*TASK DESCRIPTION:* This task calls for the lines below starting at the one containing "NON-STICK COATING: The" and ending at the one containing "跨境海王刀叉304不锈钢牛排刀叉勺子圆柄加厚复古西餐具ins北欧风", repeated exactly with both ends kept and pictures left out.

*RECORDS FOR PROCESSING:*
═══

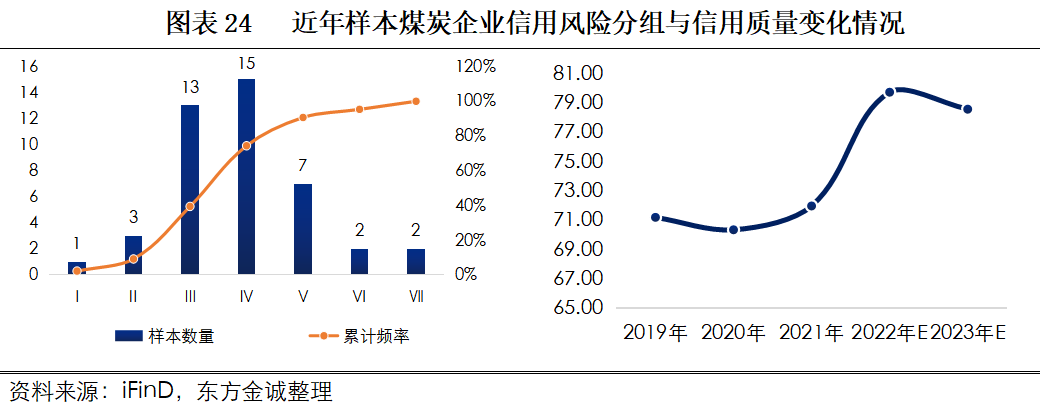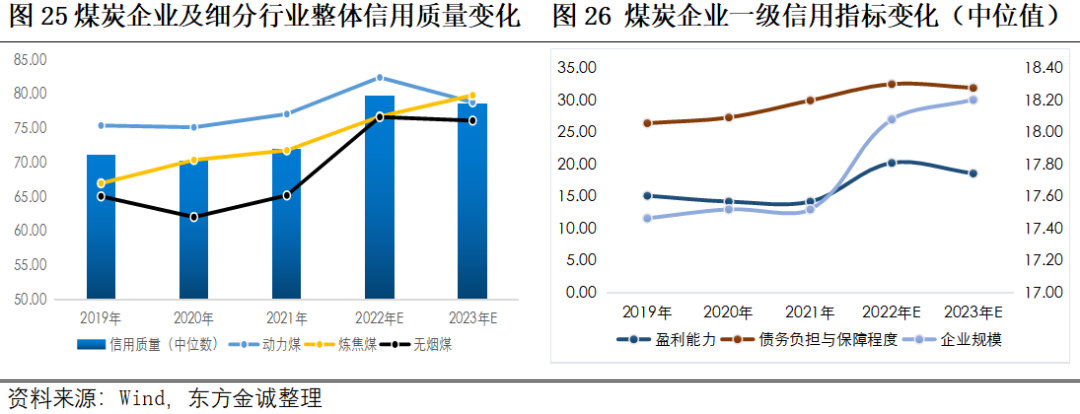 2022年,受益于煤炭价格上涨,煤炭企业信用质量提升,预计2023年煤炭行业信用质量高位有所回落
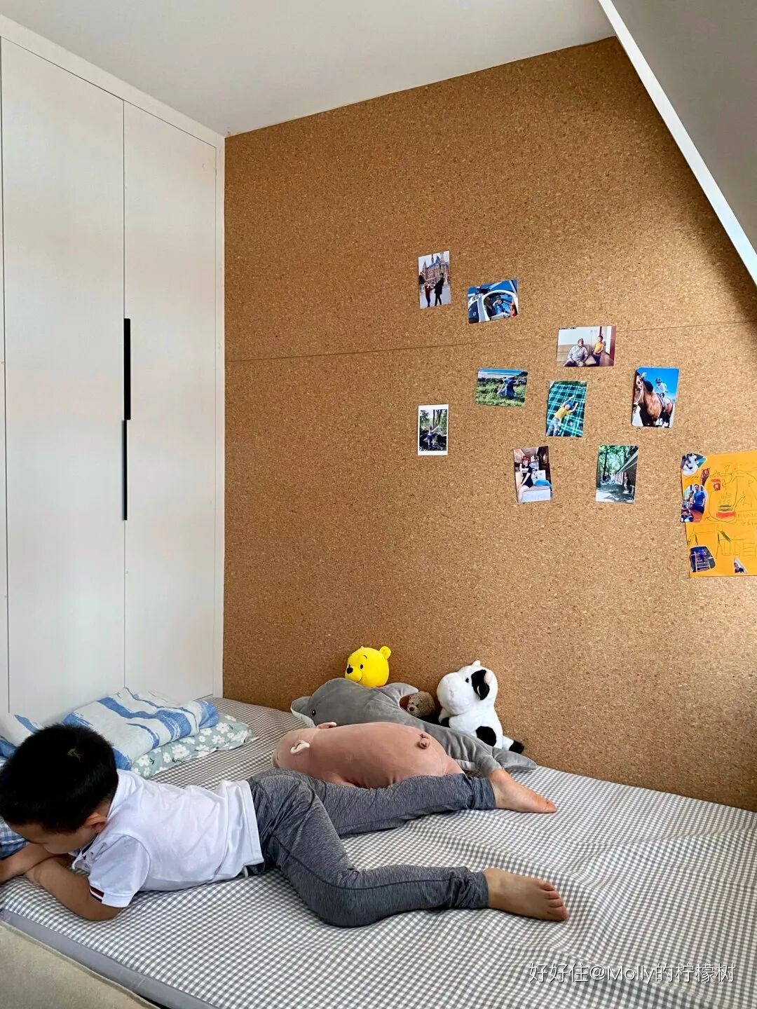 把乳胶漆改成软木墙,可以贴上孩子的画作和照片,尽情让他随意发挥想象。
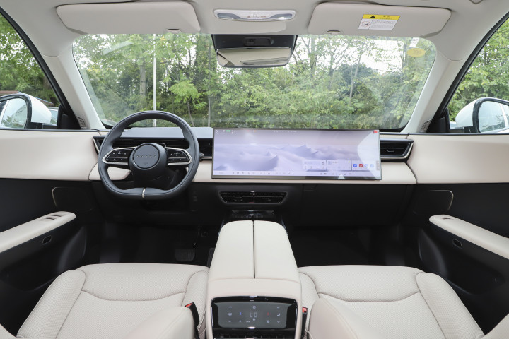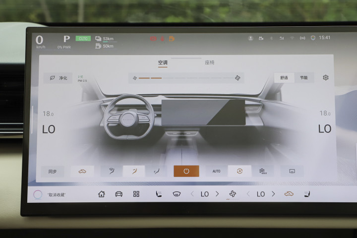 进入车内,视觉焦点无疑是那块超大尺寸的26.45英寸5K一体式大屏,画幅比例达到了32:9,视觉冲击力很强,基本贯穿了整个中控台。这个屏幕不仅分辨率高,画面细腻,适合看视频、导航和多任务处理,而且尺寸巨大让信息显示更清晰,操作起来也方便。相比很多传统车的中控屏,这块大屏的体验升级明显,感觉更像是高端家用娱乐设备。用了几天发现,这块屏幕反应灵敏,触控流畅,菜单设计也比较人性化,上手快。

═══

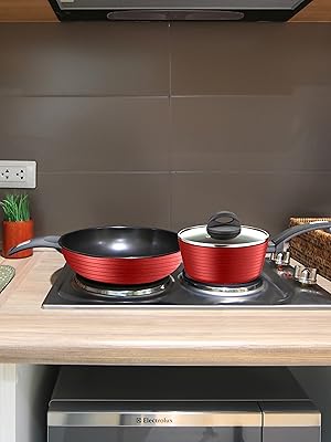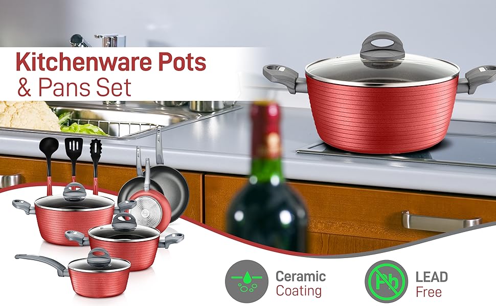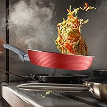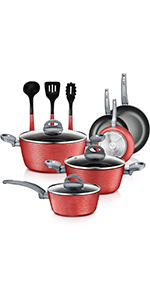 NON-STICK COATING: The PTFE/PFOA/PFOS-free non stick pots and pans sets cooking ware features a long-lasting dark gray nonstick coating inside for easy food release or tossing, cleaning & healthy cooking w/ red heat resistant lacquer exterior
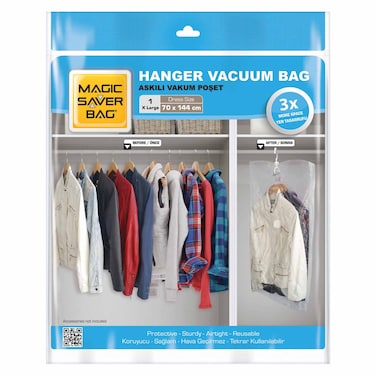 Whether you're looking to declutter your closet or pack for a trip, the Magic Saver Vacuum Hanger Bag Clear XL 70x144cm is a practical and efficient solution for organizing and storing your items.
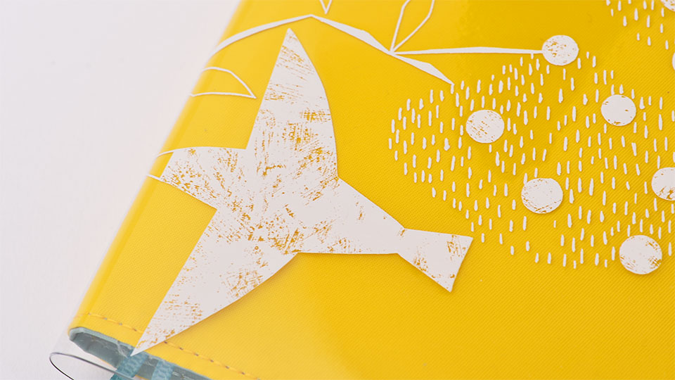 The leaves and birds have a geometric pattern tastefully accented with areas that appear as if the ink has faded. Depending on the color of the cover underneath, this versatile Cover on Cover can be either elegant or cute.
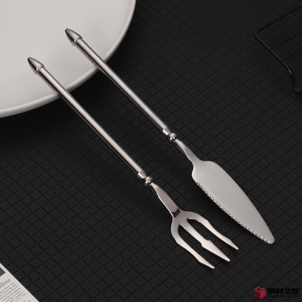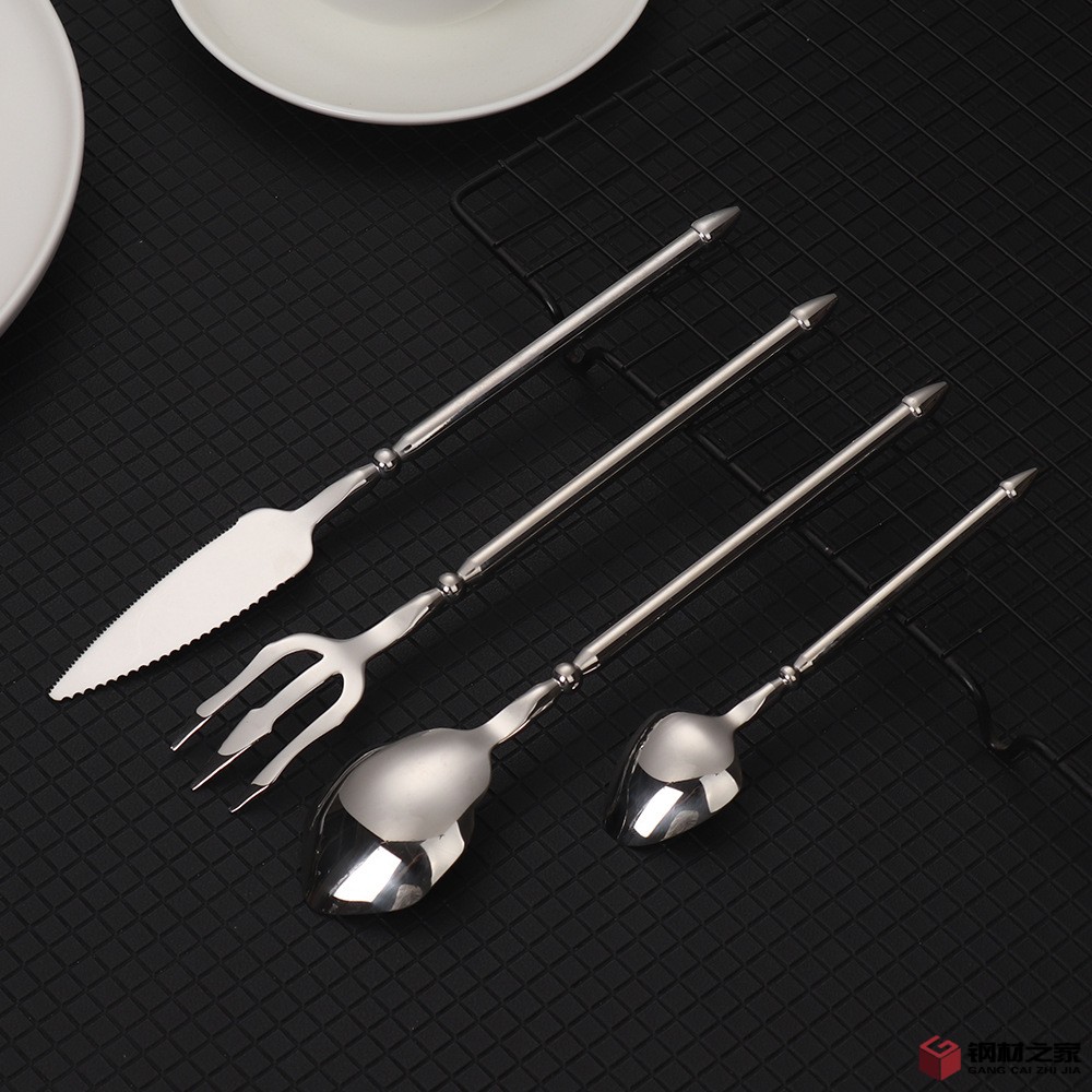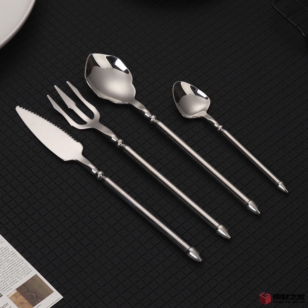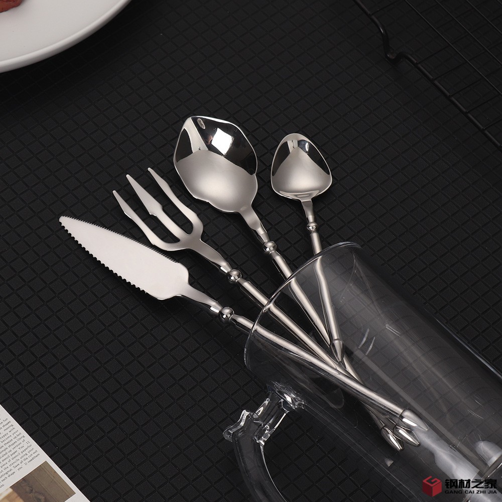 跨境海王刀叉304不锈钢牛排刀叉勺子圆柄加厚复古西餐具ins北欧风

═══

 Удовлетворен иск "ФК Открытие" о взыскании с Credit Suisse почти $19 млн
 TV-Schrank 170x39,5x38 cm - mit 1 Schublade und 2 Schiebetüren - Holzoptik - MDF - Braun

═══

*OUTPUT OF THE EXERCISE:*
 NON-STICK COATING: The PTFE/PFOA/PFOS-free non stick pots and pans sets cooking ware features a long-lasting dark gray nonstick coating inside for easy food release or tossing, cleaning & healthy cooking w/ red heat resistant lacquer exterior
 Whether you're looking to declutter your closet or pack for a trip, the Magic Saver Vacuum Hanger Bag Clear XL 70x144cm is a practical and efficient solution for organizing and storing your items.
 The leaves and birds have a geometric pattern tastefully accented with areas that appear as if the ink has faded. Depending on the color of the cover underneath, this versatile Cover on Cover can be either elegant or cute.
 跨境海王刀叉304不锈钢牛排刀叉勺子圆柄加厚复古西餐具ins北欧风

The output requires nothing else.